Board Debugging on the NPU
Debugging with DumpTensor and printf
The functions of printing board data on the NPU include DumpTensor and printf. DumpTensor is used to print the data of a specified tensor, and printf is used to print scalar and string information.
Usage:
- In the following example of DumpTensor, srcLocal indicates the tensor to be printed, 5 indicates the additional custom information, such as the current code line number, and dataLen indicates the number of elements. For details about the usage and restrictions of the DumpTensor API, see DumpTensor.
1DumpTensor(srcLocal,5, dataLen);
During dump, the corresponding DumpHead (32 bytes) is added before the dump information of each block core to record the core ID and resource usage. DumpTensorHead (32 bytes) is also added before the tensor data to be dumped each time to record tensor information. An example of the printing result is as follows:
1 2 3 4 5 6 7 8 9 10
DumpTensor: desc=5, addr=0, data_type=float16, position=UB, dump_size=32 [19.000000, 4.000000, 38.000000, 50.000000, 39.000000, 67.000000, 84.000000, 98.000000, 21.000000, 36.000000, 18.000000, 46.000000, 10.000000, 92.000000, 26.000000, 38.000000, 39.000000, 9.000000, 82.000000, 37.000000, 35.000000, 65.000000, 97.000000, 59.000000, 89.000000, 63.000000, 70.000000, 57.000000, 35.000000, 3.000000, 16.000000, 42.000000] DumpTensor: desc=5, addr=100, data_type=float16, position=UB, dump_size=32 [6.000000, 34.000000, 52.000000, 38.000000, 73.000000, 38.000000, 35.000000, 14.000000, 67.000000, 62.000000, 30.000000, 49.000000, 86.000000, 37.000000, 84.000000, 18.000000, 38.000000, 18.000000, 44.000000, 21.000000, 86.000000, 99.000000, 13.000000, 79.000000, 84.000000, 9.000000, 48.000000, 74.000000, 52.000000, 99.000000, 80.000000, 53.000000] ... DumpTensor: desc=5, addr=0, data_type=float16, position=UB, dump_size=32 [35.000000, 41.000000, 41.000000, 22.000000, 84.000000, 49.000000, 60.000000, 0.000000, 90.000000, 14.000000, 67.000000, 80.000000, 16.000000, 46.000000, 16.000000, 83.000000, 6.000000, 70.000000, 97.000000, 28.000000, 97.000000, 62.000000, 80.000000, 22.000000, 53.000000, 37.000000, 23.000000, 58.000000, 65.000000, 28.000000, 4.000000, 29.000000]
- The following is an example of the printf printing.
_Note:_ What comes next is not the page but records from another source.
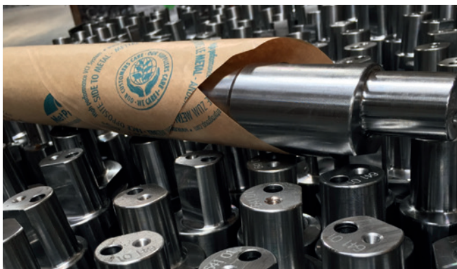
Perfekt verpackte Einzelteile, ideal für die Industrie

Sprechen Sie uns an, unsere Fachberater unterstützen Sie bei der Wahl der richtigen Spezifikation: www.metpro.de
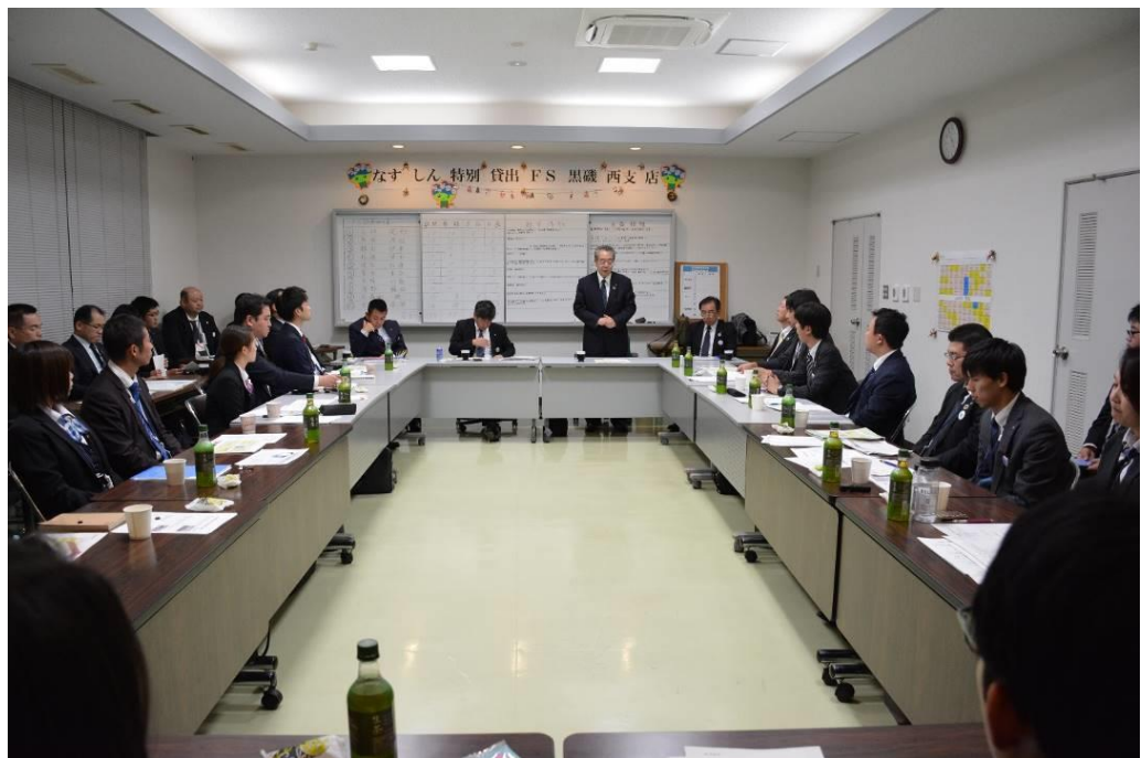
【2019年11月20日 黒磯西支店で実施した特別貸出FS】

また、同チームの主たる業務は、新規開拓および既存取引先を中心とした中小零細事業者への円滑な信用供与ですが、「事業再生・地域活性化支援チームなすしん」との連携や塩沢信用組合より学んだ「特別貸出FS（フィールド・セールス）」活動を実施することにより、地域の中小零細事業者への円滑な信用供与、再生支援、経営支援にも積極的に取り組んでおります。同チームの取り組み状況については、進捗管理委員会において、PDCAサイクルの考え方を基本に諸施策の進捗状況を月次で管理し、必要に応じ営業推進部担当役員が改善を指示し、継続して実効性を高めるよう管理して参ります。
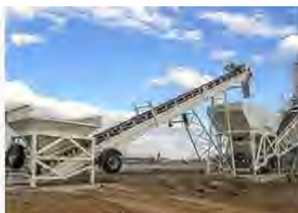
Мобильный конвейер подачи инертных материалов

For details about the usage and restrictions of the printf API, see printf.
1printf("fmt string %d", 0x123);
Using msSanitizer to Detect Exceptions
msSanitizer is an exception detection tool based on Ascend AI Processor. It provides memory check, contention check, uninitialization check, and synchronization check in single-operator development scenarios.
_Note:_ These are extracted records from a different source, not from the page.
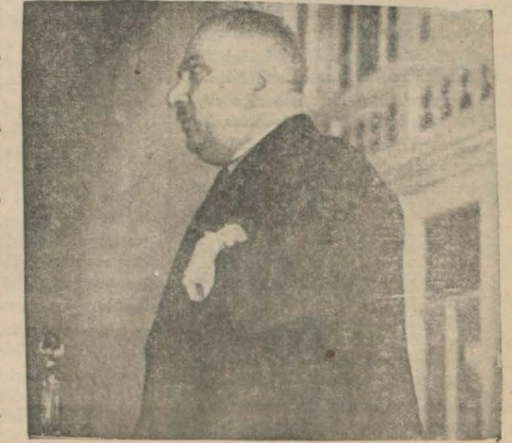
Bay Recep (Kütahya) dün ilk dersini verirken büyük evrensel hâdiseleri Türk inkilâbını gözden geçireceğiz. Arılık - temizlik sağlık, baylık (Devamı 5 inci sahifede)

"Arkadaşlar, "Yer yüzünün arılık ve baylık bakımından üstün bir ulusu olan Türkleri yüksek bir hızla yokluktan varlığa, düşkünlükten onöre götüren
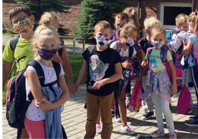
Uczniowie Szkoły Podstawowej w Rajsku.

i termometrów bezdotykowych, a Gmina zapewnia transport tych środków do poszczególnych obiektów. Gmina Oświecim jako organ prowadzący szkoły i przedszkola zabezpieczyła również środki finansowe, które w razie wystąpienia niedoborów, pozwolą uzupełnić środki ochrony indywidualnej (przebiły, maseczek i rękawiczek).
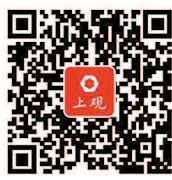
扫二维码 感受沪郊热闹夜市

中,住户存款减少1032亿元,非金融企业存款减少1.39万亿元,财政性存款增加8091亿元。从货币供应看,7月末,广义货币(M2)余额191.94万亿元,同比增长8.1%,增速比上月末和上年同期均低0.4个百分点;狭义货币(M1)余额55.3万亿元,同比增长3.1%,增速分别比上月末和上年同期低1.3个和2个百分点。同日发布的社会融资数据也显示,7月末社会融资规模存量为214.13万亿元,同比增长10.7%。7月份社会融资规模增量为1.01万亿元,比上年同期少2103亿元。
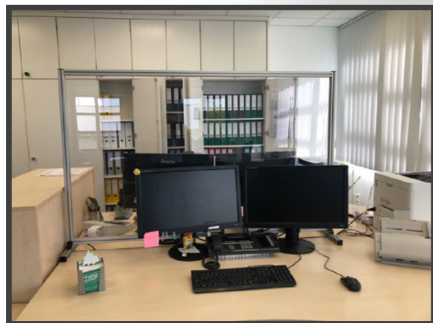
Hustenschutz für Bürotische
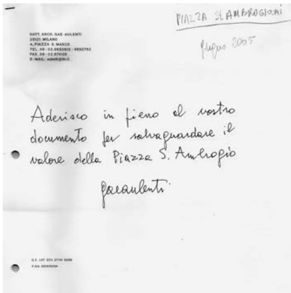
Petition signed by Gae Aulenti, endorsing the document to save Piazza S. Ambrogio in Milan, June 2005/ Door Gae Aulenti ondertekende petitie om het Piazza S. Ambrogio in Milaan te redden, juni 2005
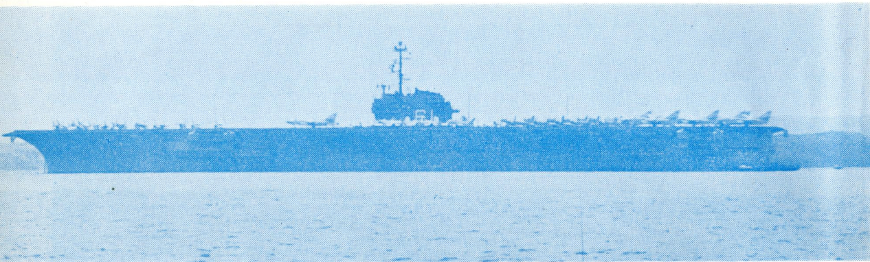
佐世保港における米空母レンジャー Ranger CVA-61。左舷正横からの写真で、その壮大な構造美が印象的だ……
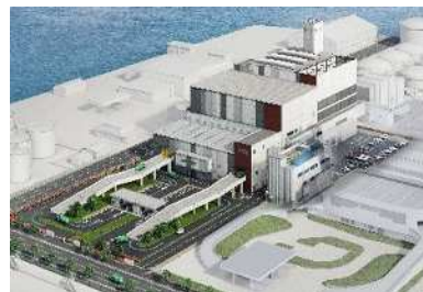
新日明工場 完成予想図

平成3年に稼働開始した日明工場の老朽化が進行しているため、市内ごみの安定処理を継続すること等を目的として、現工場敷地内に新日明工場を建設します。新工場では高効率ごみ発電等によるエネルギー回収の徹底や、最先端の省エネ機器・技術等を導入することにより脱炭素化を図ります。（令和6年度竣工予定）
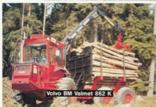
Volvo BM Valmet 862 K
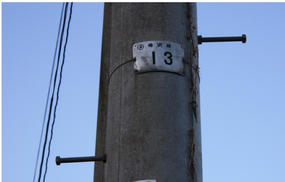
【写真一4】 接続電柱(相沢線12)
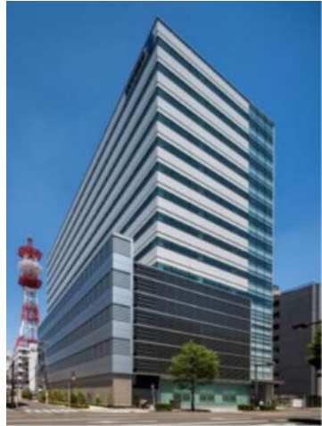
NTT東日本 仙台青葉通ビル
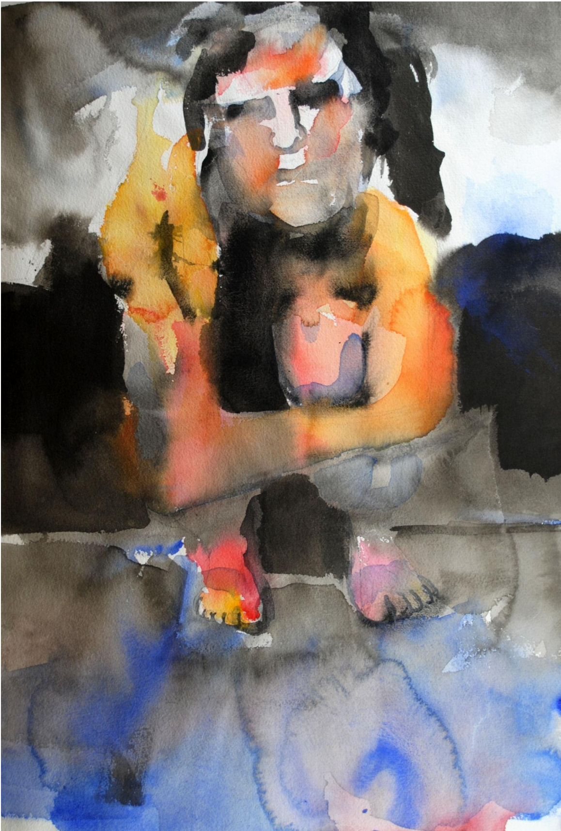
Kyykssä, 2012, akvarelli
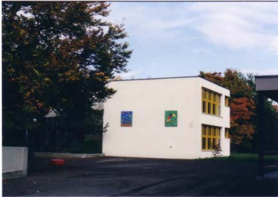
Bild: Schulhaus Mettlen eingebettet in viel Natur

klasse unterrichtet, im Sitzungszimmer der Schulpflege sind Kurse in heimatlicher Sprache und Kultur (HSK) untergebracht.
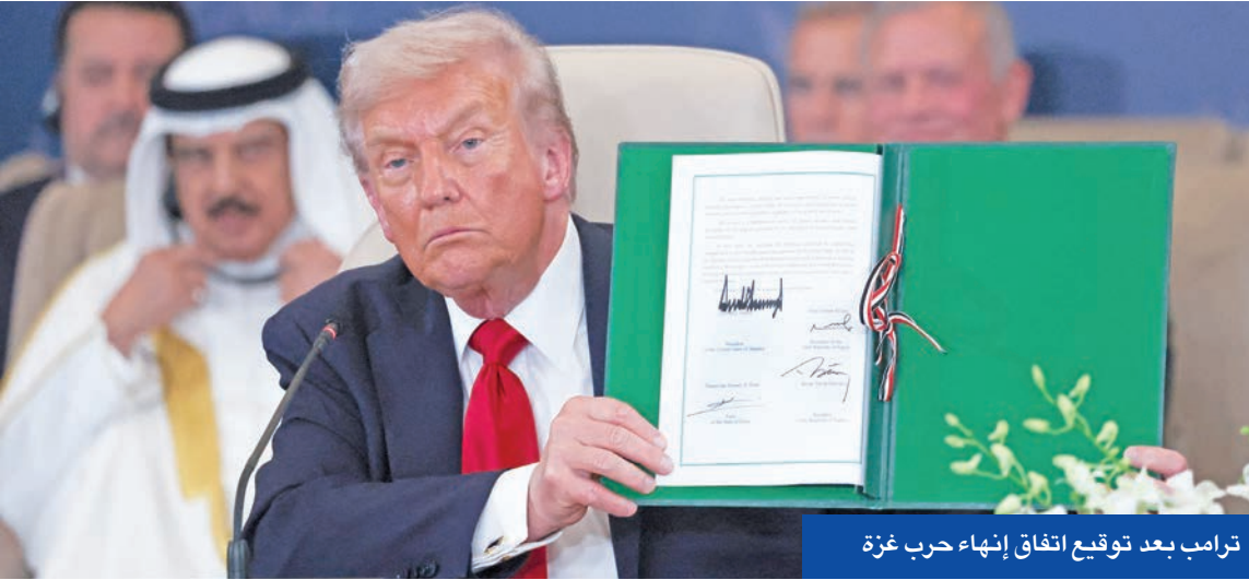
ترامب بعد توقيع اتفاق إنهاء حرب غزة

الفلسطيني حقوقه المشروعة في إقامة دولته المستقلة، موضحاً أن تحقيق السلام العادل والدائم يتطلب إرادة صادقة وحواراً بناءً واحتراماً

- Memory check: During operator development, the tool can locate memory problems such as illegal read/write, multi-core corruption, non-aligned access, memory leak, and illegal release. In addition, the tool can detect the memory of the CANN software stack, helping users locate the module with memory exception in the software stack.
- Contention check: The tool helps users locate data contention problems that may be caused by contention risks, including intra-core contention and inter-core contention. Intra-core contention includes inter-pipeline contention and intra-pipeline contention.
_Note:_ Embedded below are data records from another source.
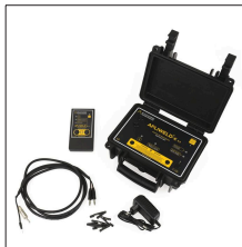
AT-100N Kit Apliweld-E. Kit completo encendido
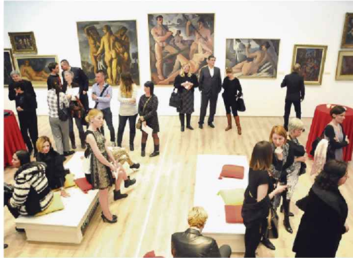
Гала вече организовали Колор прес група и Галерија Матице српске
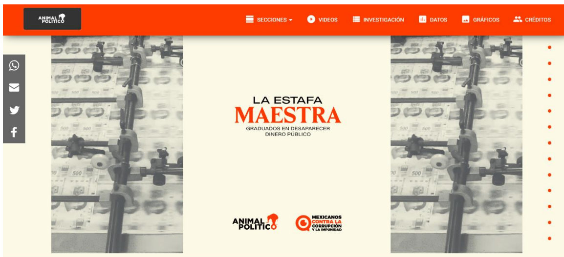
Ilustración 5: La Estafa Maestra
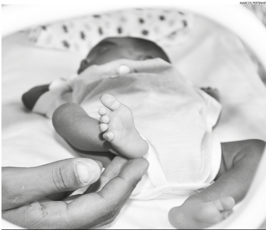
Pré-natal é um dos fatores fundamentais para a redução da taxa de mortalidade infantil em Bertioga

Taxa é menor que a média estadual, com 8,2 óbitos de crianças menores de um ano a cada mil nascidos vivos. Índice representa o aprimoramento da assistência ao parto e à gestante, o incentivo ao aleitamento materno e o acesso ao pré-natal
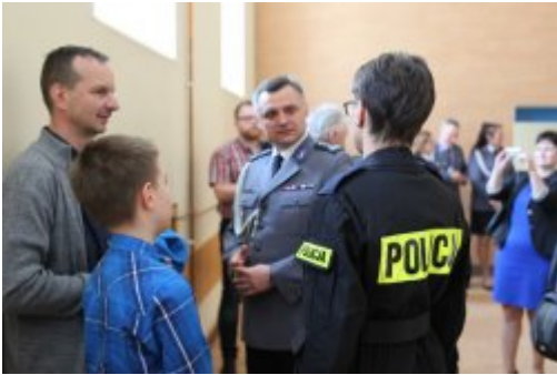
Wybrali mundur #14
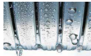
Intercambiador de calor Inox-Radial de acero inoxidable
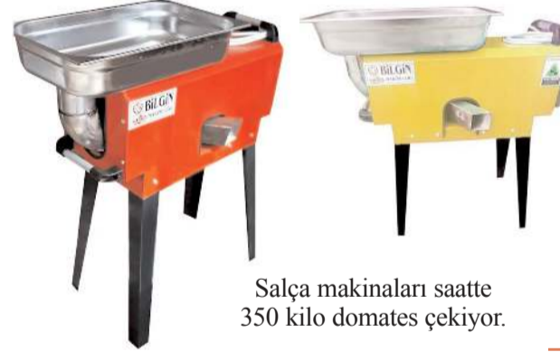
Salça makinaları saatte 350 kilo domates çekiyor.
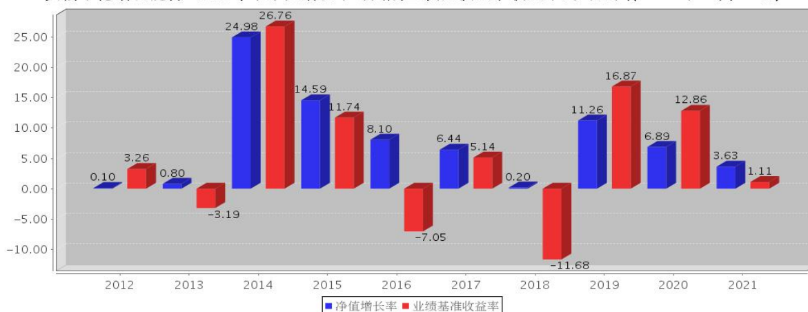
安信平稳增长混合A基金每年净值增长率与同期业绩比较基准收益率的对比图(2021年12月31日)

注：基金合同生效当年期间的相关数据按实际存续期计算。基金的过往业绩并不代表其未来表现。
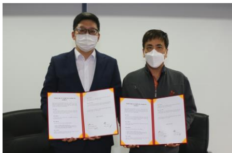
SKIPC·엘디카본 타이어 열분해 및 잔재물 처리 관련 협업 (’22년 4월 MOU 체결)

- Uninitialization check: The tool helps users locate dirty data read problems that may be caused by uninitialized memory.
- Synchronization check: The tool helps users locate synchronization failures in subsequent operators due to unpaired synchronization instructions in the preceding operators.
For details, see msSanitizer (Anomaly Detection).
This function is supported only in the following scenarios:
- Call operators through the method in Kernel Launch Based on a Sample Project.
- Call operators through single-operator APIs.
- Call a single-operator API (aclnnxxx) indirectly (single-operator calling in the PyTorch framework).
Using msDebug for Operator Debugging
msDebug is an operator debugging tool for Ascend devices. It is used to debug operator programs running on NPUs and provides debugging methods for operator developers. msDebug can debug all Ascend operators, including Ascend C operators (Vector, Cube, and fused operators). The specific functions include breakpoint setting, variable and memory printing, single-step debugging, running interruption, core switching, program status check, debugging information display, and core dump file parsing. You can select the functions as needed. For details, see msDebug (Operator Debugging).
- Call operators through the method in Kernel Launch Based on a Sample Project.
- Call operators through single-operator APIs.
- Call a single-operator API (aclnnxxx) indirectly (single-operator calling in the PyTorch framework).